Each line below from the one containing "Как сделать куриное" through the one containing "Zrkadlová šatníková skriňa" is to be given again exactly, and no line outside that span.

----- EXERCISE MATERIALS -----

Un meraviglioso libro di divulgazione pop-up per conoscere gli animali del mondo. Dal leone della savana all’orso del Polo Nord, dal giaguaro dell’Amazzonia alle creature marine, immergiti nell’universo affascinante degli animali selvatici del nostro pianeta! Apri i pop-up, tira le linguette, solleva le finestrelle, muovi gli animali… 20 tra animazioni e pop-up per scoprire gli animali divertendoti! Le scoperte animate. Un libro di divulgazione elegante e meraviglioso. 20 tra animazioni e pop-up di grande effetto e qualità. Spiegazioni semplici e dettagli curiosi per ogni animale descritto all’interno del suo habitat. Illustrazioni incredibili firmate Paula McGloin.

-----
----- EXERCISE MATERIALS -----

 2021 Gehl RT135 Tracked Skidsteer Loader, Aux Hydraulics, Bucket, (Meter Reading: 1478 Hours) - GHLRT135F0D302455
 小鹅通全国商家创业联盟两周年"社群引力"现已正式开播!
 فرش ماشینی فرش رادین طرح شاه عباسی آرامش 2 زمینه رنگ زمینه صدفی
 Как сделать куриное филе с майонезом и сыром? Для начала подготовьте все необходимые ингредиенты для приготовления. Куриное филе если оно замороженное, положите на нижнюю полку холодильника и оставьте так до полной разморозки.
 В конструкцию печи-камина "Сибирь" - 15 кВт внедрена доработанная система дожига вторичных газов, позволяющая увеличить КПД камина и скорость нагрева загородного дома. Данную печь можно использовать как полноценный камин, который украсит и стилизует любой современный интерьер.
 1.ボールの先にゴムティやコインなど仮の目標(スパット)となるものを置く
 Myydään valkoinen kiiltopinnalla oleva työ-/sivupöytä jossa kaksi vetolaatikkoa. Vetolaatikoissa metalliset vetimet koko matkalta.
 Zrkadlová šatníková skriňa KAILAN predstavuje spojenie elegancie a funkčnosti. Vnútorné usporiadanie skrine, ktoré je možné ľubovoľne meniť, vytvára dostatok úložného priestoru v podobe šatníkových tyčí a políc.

-----

→ **SOLUTION FOR THIS EXERCISE**
 Как сделать куриное филе с майонезом и сыром? Для начала подготовьте все необходимые ингредиенты для приготовления. Куриное филе если оно замороженное, положите на нижнюю полку холодильника и оставьте так до полной разморозки.
 В конструкцию печи-камина "Сибирь" - 15 кВт внедрена доработанная система дожига вторичных газов, позволяющая увеличить КПД камина и скорость нагрева загородного дома. Данную печь можно использовать как полноценный камин, который украсит и стилизует любой современный интерьер.
 1.ボールの先にゴムティやコインなど仮の目標(スパット)となるものを置く
 Myydään valkoinen kiiltopinnalla oleva työ-/sivupöytä jossa kaksi vetolaatikkoa. Vetolaatikoissa metalliset vetimet koko matkalta.
 Zrkadlová šatníková skriňa KAILAN predstavuje spojenie elegancie a funkčnosti. Vnútorné usporiadanie skrine, ktoré je možné ľubovoľne meniť, vytvára dostatok úložného priestoru v podobe šatníkových tyčí a políc.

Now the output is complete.